In the mid 2000s, things began to change a bit. First, processors hit the megahertz wall; instead of growing faster, processors grew wider, and the multicore age began. Second, the use of GP-GPUs for HPC started to take hold. These changes created some challenges for HPC users. Cluster nodes are now powerful eight-way (or higher) SMP (with optional GP-GPU enhancement) islands connected to similar nodes.

Cramming more CPU cores into a single node seems to work well for web servers and virtualization, but for HPC, the payoff is not as clear. The first issue to consider is memory bandwidth. Cores need access to memory and the more cores, the more traffic jams can result. Both AMD HyperTransport and Intel Quickpath Interconnect help mitigate this issue by creating several connected memory domains (one for each CPU socket), but data locality has now become a big issue with performance. The second question concerns how far multicore can go before memory bandwidth stifles everything.

In a similar vein, GP-GPUs have gotten much faster and much better at doing HPC on a single cluster node. The concerns with this approach include re-writing software and shuffling data back and forth across the PCIe bus, but for some applications, GP-GPUs are a big win. Some efforts have been made to use IB to connect GPUs across nodes. Similar to the growth of multicore, Gp-GPU-enabled cluster nodes have become extremely powerful systems but might be limited as to how many more cores can effectively operate in a single box.

A new design or trend called “Manycore” has entered the market. The only rule as to what constitutes a manycore processor is that the design is scalable beyond the limits seen for traditional multicore processors. Some may consider GP-GPU to be manycore; however, GP-GPUs need a host CPU to work effectively. As promising as the manycore approach might be, you still face the issue of programming. In some respects, specialized manycore processors might never enjoy the advantages of the commodity market, at least in the near term.

With the cost of a single CPU or GPU core getting less each year, the HPC market should be celebrating each time more cores show up in the cluster node. Looking forward, however, there are some real issues that suggest other paths might be worth exploring. In particular, the software issue is troubling. Most traditional HPC code uses MPI (Message Passing Interface) to communicate between cores. Although MPI will work on mutlicore nodes, it might not be the most efficient. Other programming models, such as OpenMP have been used to program multicore nodes, but programs are limited to the local node. Similarly, programming GP-GPU requires re-writing code to use the GPU cores. Some new methods (OpenACC) could help with this issue, but the traditional MPI model is being stressed by the new hardware. Similar to the early days of Beowulf Cluster HPC, following market trends might not be the most effective path in all cases. Instead of pushing more and more cores into nodes, other methods and approaches might deserve some consideration in the HPC world.

Single Socket Redux

The latest server might offer a large numbers of cores, but the important question for HPC is how well do they perform in parallel? This question might not have been asked because it is assumed all modern servers have at least two CPU sockets and at least eight cores (two quad core processors).
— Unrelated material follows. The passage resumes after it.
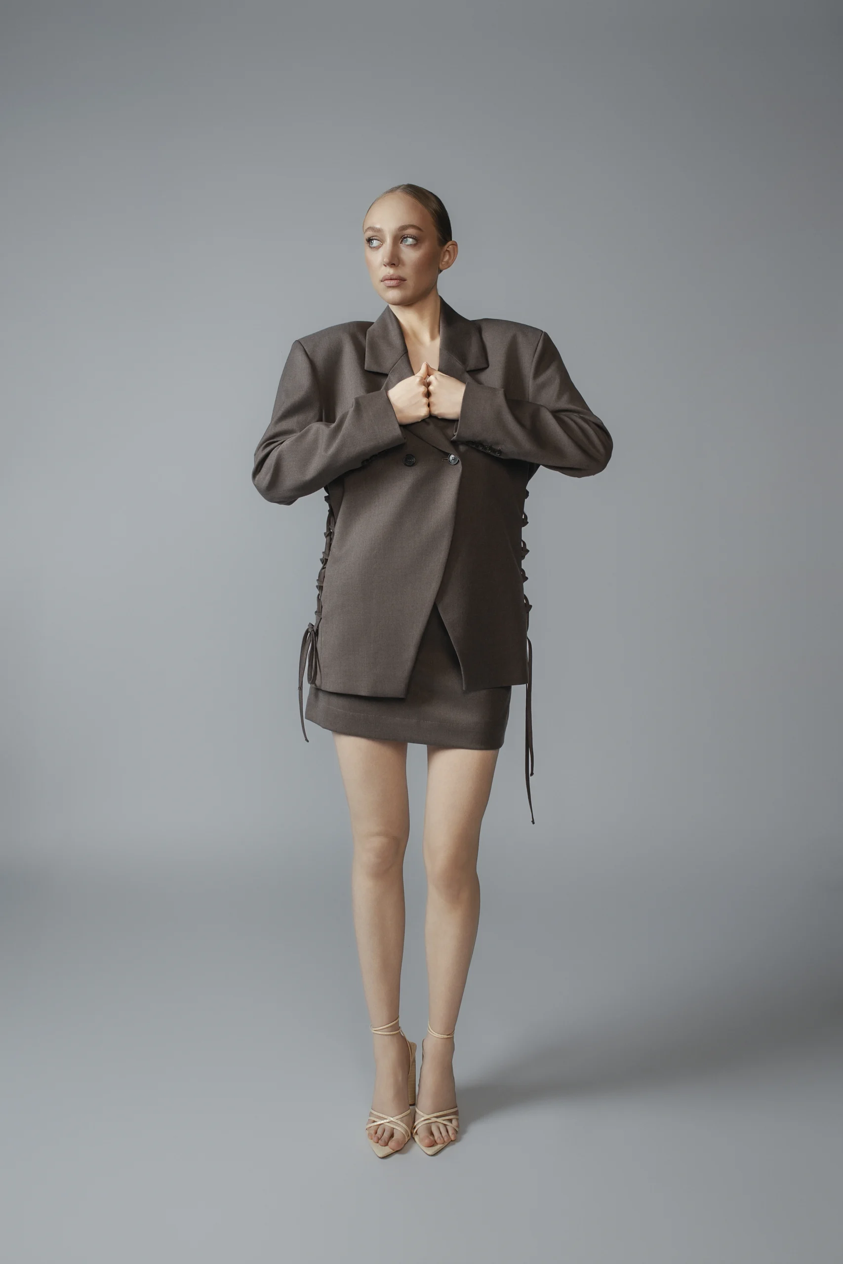 The structured shoulders and double-breasted front create a powerful silhouette, while the fluid fabric brings balance and femininity. A versatile piece that adds polish to any look, whether styled with coordinating pieces or dressed down with denim.

Little effort has been made to assess the “effective cores” delivered by multicore systems. Results for a 12-core (dual socket with six-core processors) server can be found here. These tests, which used a variety of numerical benchmarks, resulted in a range from 41% to 98% efficiency, with an average utilization for all tests of 64%. Thus, on average, you can expect to effectively use 7.7 cores out of the 12 present in the server.

In contrast to these results, similar tests done on a number of four-core single-socket processors showed the best case performance ranged from 50% to 100% and the average utilization was 74%. On average, one can effectively expect to use three out of four cores.

The variation is due to memory bandwidth of each system. In general, more cores means more sharing of memory and more possible contention. Cache-friendly programs usually scale well on multicore, whereas those that rely on heavy access to main memory have the most difficulty with large multicore systems.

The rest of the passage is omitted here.